• **Work instructions**
A faithful, word-for-word copy of the data below is required, without pictures.
Data Start Marker
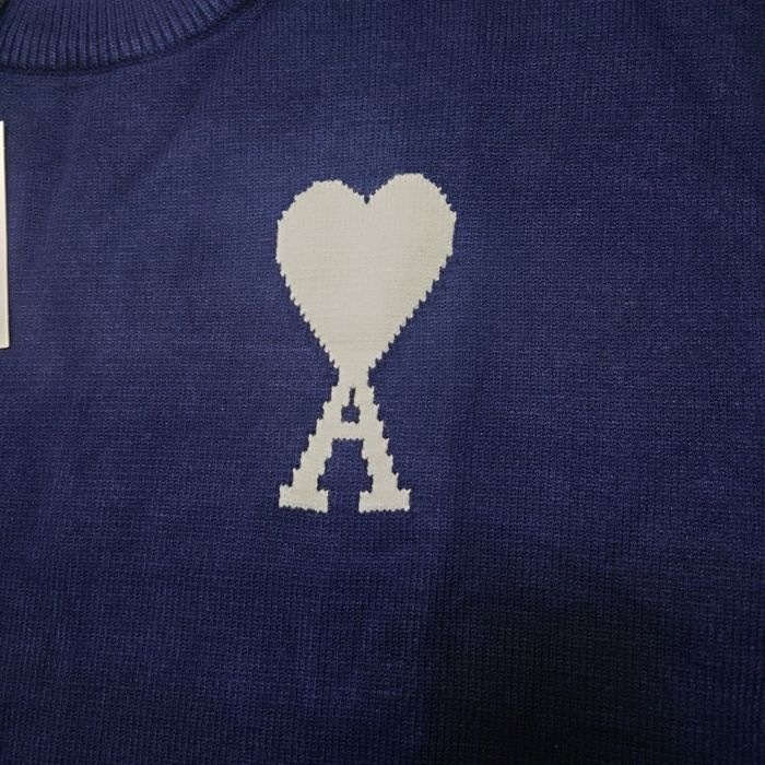 Pull AMI Alexandre Mattiussi Homme Bleu marine Cœur Blanc Taille L - photo numéro 7
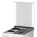 Тип конфорок: комбинированные • Рабочая поверхность: нерж. сталь, эмаль • Тип духовки: электрическая • Размеры (ШxВxГ): 500x850x600 мм • Цвет: белый • Конфигурация электрических конфорок: 1 x 1500 g 1 x 1000 g • Электрические конфорки: всего - 2 • Газовые конфорки: всего - 2 • Объем духовки: 50 л • Очистка духовки: традиционная • Подсветка: есть • Количество стекол дверцы духовки: 2
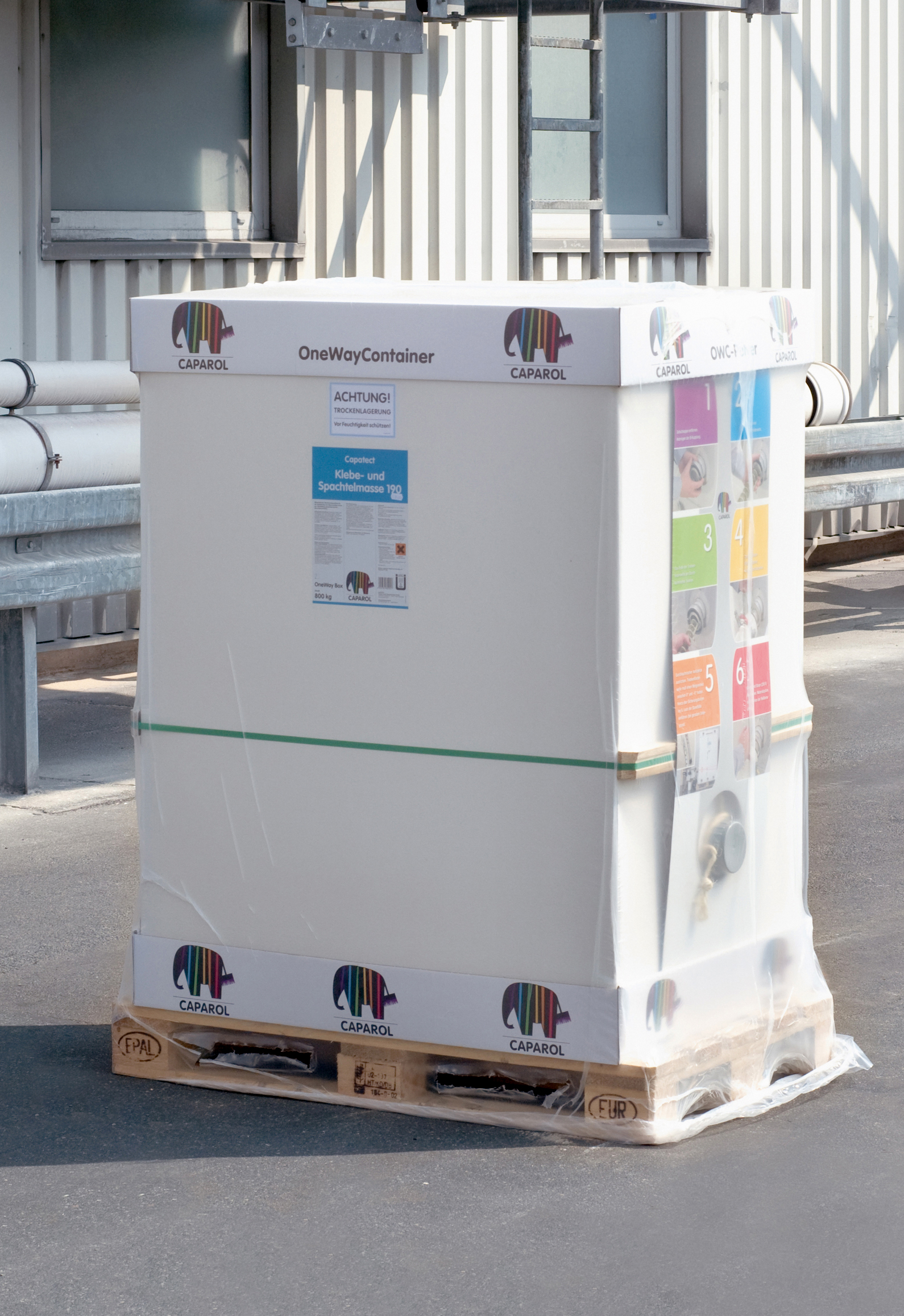 Sollte die optimierte Füllmenge von 800 kg pro OneWayContainer bauseits einmal nicht reichen, lässt sich der Container bei Bedarf einfach mit Sackware nachbefüllen. Nach vollständigem Ausgebrauch ist keine aufwendige Rückholung notwendig: Da OneWayContainer aus recyclebarer Pappe bestehen, werden sie an Ort und Stelle zusammengefaltet und danach einfach wie Altpapier entsorgt. Damit sind sie genauso schnell wieder verschwunden, wie sie geliefert werden: Weil Caparol OneWayContainer auf jede Europalette passen, lassen sie sich außerdem besonders rationell und kostengünstig transportieren. Für das kompakte Normformat fallen nicht einmal Stellgebühren an, denn der Vorgarten kann als baunahe Abstellfläche dienen. Gehwege und Straßen bleiben völlig frei. Das sind handfeste Vorteile, die für Profis in der Praxis zählen.
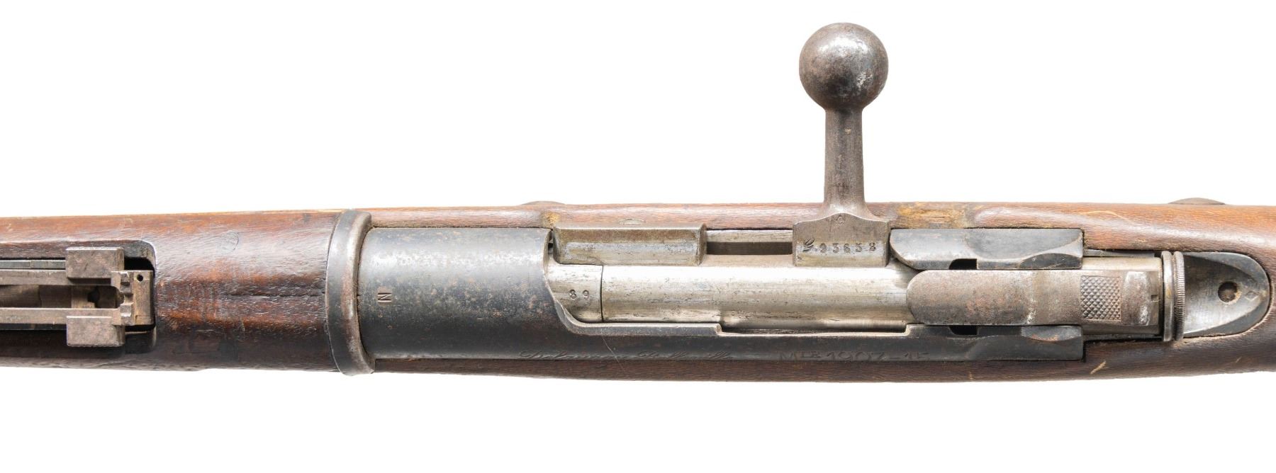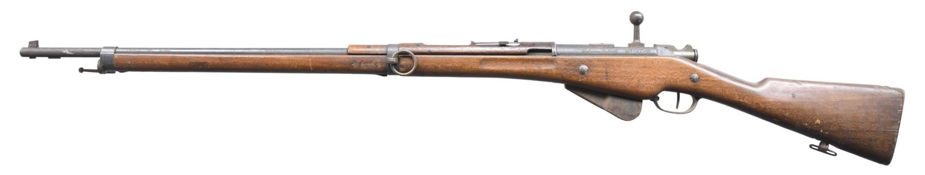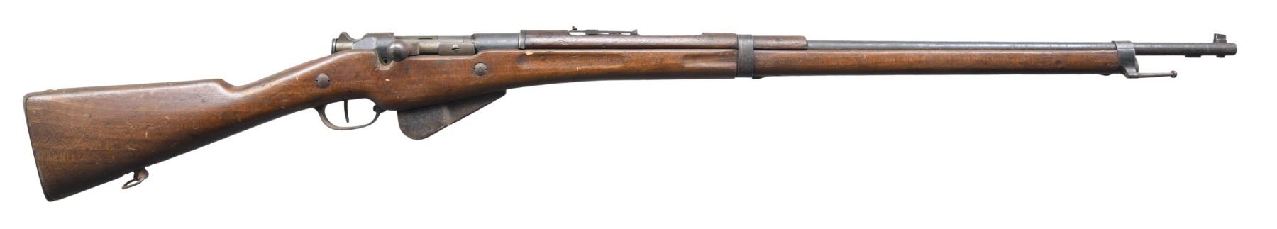 BERTHIER BOLT ACTION MILITARY RIFLE. Cal. 8MM Lebel. S# 23220; the serial # matches on the bbl. and buttstock. Bbl. 31 1/2". Receiver is marked on the left side, in script, "Delaunay Belleville" and "MLE 1907-15". Ladder rear sight, graduated to 2400 meters. Grooved front sight. Straight bolt handle. Take-down screw is missing from the right side of the bridge. Mag. holds 5 rds. Hardwood stock set. The forend is " Duffle Cut" under the lower barrel band. The partly visible roundel on the right side of the butt is dated "1911" and has "EDB" in the center. CONDITION: stock set has moderate wear and handling marks. Metal has turned gray with patina, showing spots of oxidation throughout. Bore is dark but shows strong lands. (25-2098/RW) CURIO. $100-200.
Data End Marker
• **Response area**
 Pull AMI Alexandre Mattiussi Homme Bleu marine Cœur Blanc Taille L - photo numéro 7
 Тип конфорок: комбинированные • Рабочая поверхность: нерж. сталь, эмаль • Тип духовки: электрическая • Размеры (ШxВxГ): 500x850x600 мм • Цвет: белый • Конфигурация электрических конфорок: 1 x 1500 g 1 x 1000 g • Электрические конфорки: всего - 2 • Газовые конфорки: всего - 2 • Объем духовки: 50 л • Очистка духовки: традиционная • Подсветка: есть • Количество стекол дверцы духовки: 2
 Sollte die optimierte Füllmenge von 800 kg pro OneWayContainer bauseits einmal nicht reichen, lässt sich der Container bei Bedarf einfach mit Sackware nachbefüllen. Nach vollständigem Ausgebrauch ist keine aufwendige Rückholung notwendig: Da OneWayContainer aus recyclebarer Pappe bestehen, werden sie an Ort und Stelle zusammengefaltet und danach einfach wie Altpapier entsorgt. Damit sind sie genauso schnell wieder verschwunden, wie sie geliefert werden: Weil Caparol OneWayContainer auf jede Europalette passen, lassen sie sich außerdem besonders rationell und kostengünstig transportieren. Für das kompakte Normformat fallen nicht einmal Stellgebühren an, denn der Vorgarten kann als baunahe Abstellfläche dienen. Gehwege und Straßen bleiben völlig frei. Das sind handfeste Vorteile, die für Profis in der Praxis zählen.
 BERTHIER BOLT ACTION MILITARY RIFLE. Cal. 8MM Lebel. S# 23220; the serial # matches on the bbl. and buttstock. Bbl. 31 1/2". Receiver is marked on the left side, in script, "Delaunay Belleville" and "MLE 1907-15". Ladder rear sight, graduated to 2400 meters. Grooved front sight. Straight bolt handle. Take-down screw is missing from the right side of the bridge. Mag. holds 5 rds. Hardwood stock set. The forend is " Duffle Cut" under the lower barrel band. The partly visible roundel on the right side of the butt is dated "1911" and has "EDB" in the center. CONDITION: stock set has moderate wear and handling marks. Metal has turned gray with patina, showing spots of oxidation throughout. Bore is dark but shows strong lands. (25-2098/RW) CURIO. $100-200.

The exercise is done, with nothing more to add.